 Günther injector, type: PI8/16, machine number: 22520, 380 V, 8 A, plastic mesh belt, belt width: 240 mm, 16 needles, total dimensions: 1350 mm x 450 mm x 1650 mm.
* * *
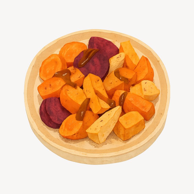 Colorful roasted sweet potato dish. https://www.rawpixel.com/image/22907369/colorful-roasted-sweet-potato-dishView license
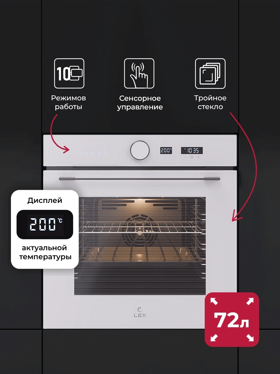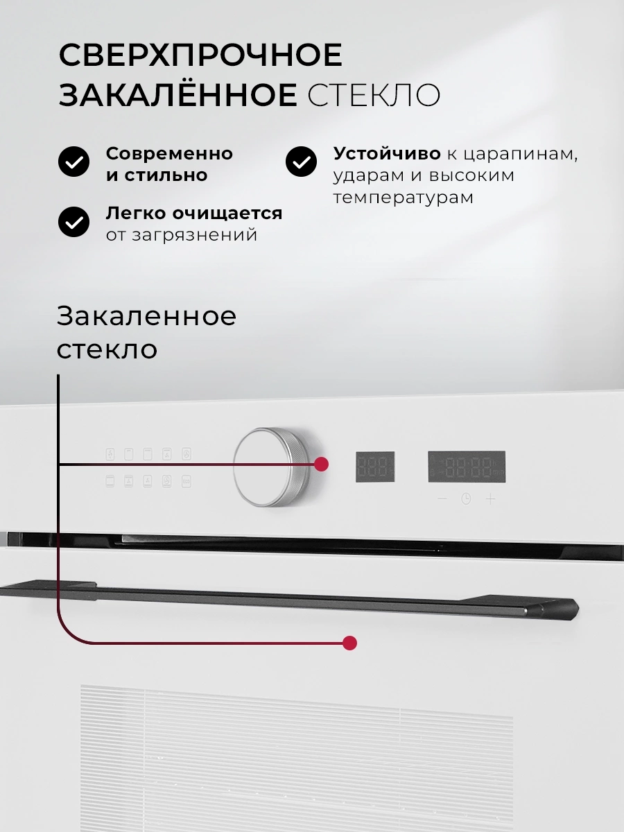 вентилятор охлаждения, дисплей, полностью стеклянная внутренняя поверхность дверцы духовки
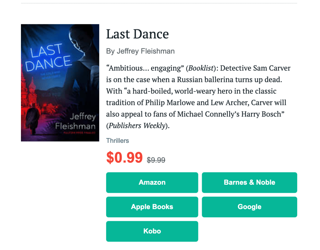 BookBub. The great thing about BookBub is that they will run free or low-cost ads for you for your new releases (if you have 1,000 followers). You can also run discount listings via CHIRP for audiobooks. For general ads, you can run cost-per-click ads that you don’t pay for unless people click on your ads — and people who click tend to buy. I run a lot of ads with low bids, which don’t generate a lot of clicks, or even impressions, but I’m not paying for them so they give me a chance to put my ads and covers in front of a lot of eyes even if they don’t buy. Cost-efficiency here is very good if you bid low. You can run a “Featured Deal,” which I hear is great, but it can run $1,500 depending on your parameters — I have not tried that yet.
...
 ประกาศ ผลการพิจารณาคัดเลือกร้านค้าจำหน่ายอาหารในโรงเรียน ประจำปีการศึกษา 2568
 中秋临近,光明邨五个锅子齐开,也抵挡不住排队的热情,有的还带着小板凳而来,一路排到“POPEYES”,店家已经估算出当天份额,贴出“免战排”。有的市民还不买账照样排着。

### What you should do
Print an exact copy of the lines above, from the one containing "Colorful roasted sweet" through the one containing "BookBub. The great", and leave out the pictures.

### Answer to the exercise
 Colorful roasted sweet potato dish. https://www.rawpixel.com/image/22907369/colorful-roasted-sweet-potato-dishView license
 вентилятор охлаждения, дисплей, полностью стеклянная внутренняя поверхность дверцы духовки
 BookBub. The great thing about BookBub is that they will run free or low-cost ads for you for your new releases (if you have 1,000 followers). You can also run discount listings via CHIRP for audiobooks. For general ads, you can run cost-per-click ads that you don’t pay for unless people click on your ads — and people who click tend to buy. I run a lot of ads with low bids, which don’t generate a lot of clicks, or even impressions, but I’m not paying for them so they give me a chance to put my ads and covers in front of a lot of eyes even if they don’t buy. Cost-efficiency here is very good if you bid low. You can run a “Featured Deal,” which I hear is great, but it can run $1,500 depending on your parameters — I have not tried that yet.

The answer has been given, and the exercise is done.